Material provided »
-.-.-

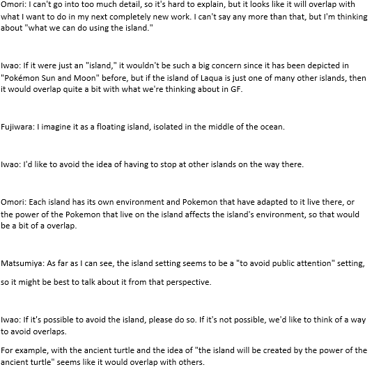 >>58631256These behind-the-scenes discussions are so interesting. I would love to see stuff like this from other anipoke series too, I'd love to know what was going through their head when they were planning certain things.
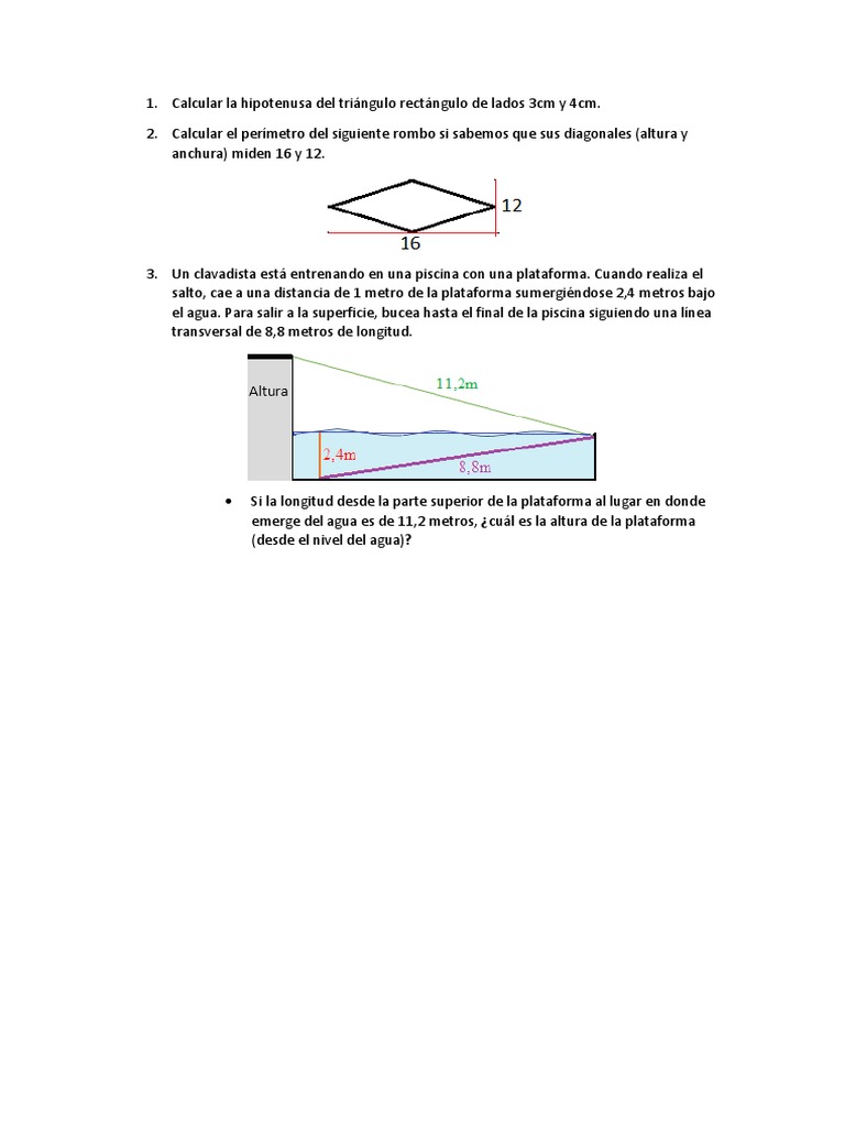 3. Un clavadista está entrenando en una piscina con una plataforma. Cuando realiza el
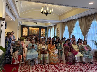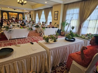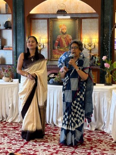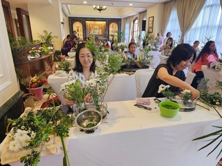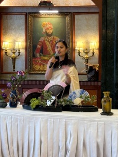 On 26th August 2025 at the Eros hotel, New Delhi, our chapter hosted a special Sogetsu Ikebana Workshop. This workshop was guided by Riji Veena Dass, Director, Sogetsu School Delhi, who introduced the Style-Version 5 of the Sogetsu School. Ably assisted by Saveena Gadhoke and Neena Verma, she demonstrated how traditional aesthetics merge beautifully with contemporary design. This is a variation in which the whole arrangement is divided into two parts within one big container.

-.-.-

Your assignment »
The task requires the full listing to be given again verbatim, without its pictures.

Output »
 >>58631256These behind-the-scenes discussions are so interesting. I would love to see stuff like this from other anipoke series too, I'd love to know what was going through their head when they were planning certain things.
 3. Un clavadista está entrenando en una piscina con una plataforma. Cuando realiza el
 On 26th August 2025 at the Eros hotel, New Delhi, our chapter hosted a special Sogetsu Ikebana Workshop. This workshop was guided by Riji Veena Dass, Director, Sogetsu School Delhi, who introduced the Style-Version 5 of the Sogetsu School. Ably assisted by Saveena Gadhoke and Neena Verma, she demonstrated how traditional aesthetics merge beautifully with contemporary design. This is a variation in which the whole arrangement is divided into two parts within one big container.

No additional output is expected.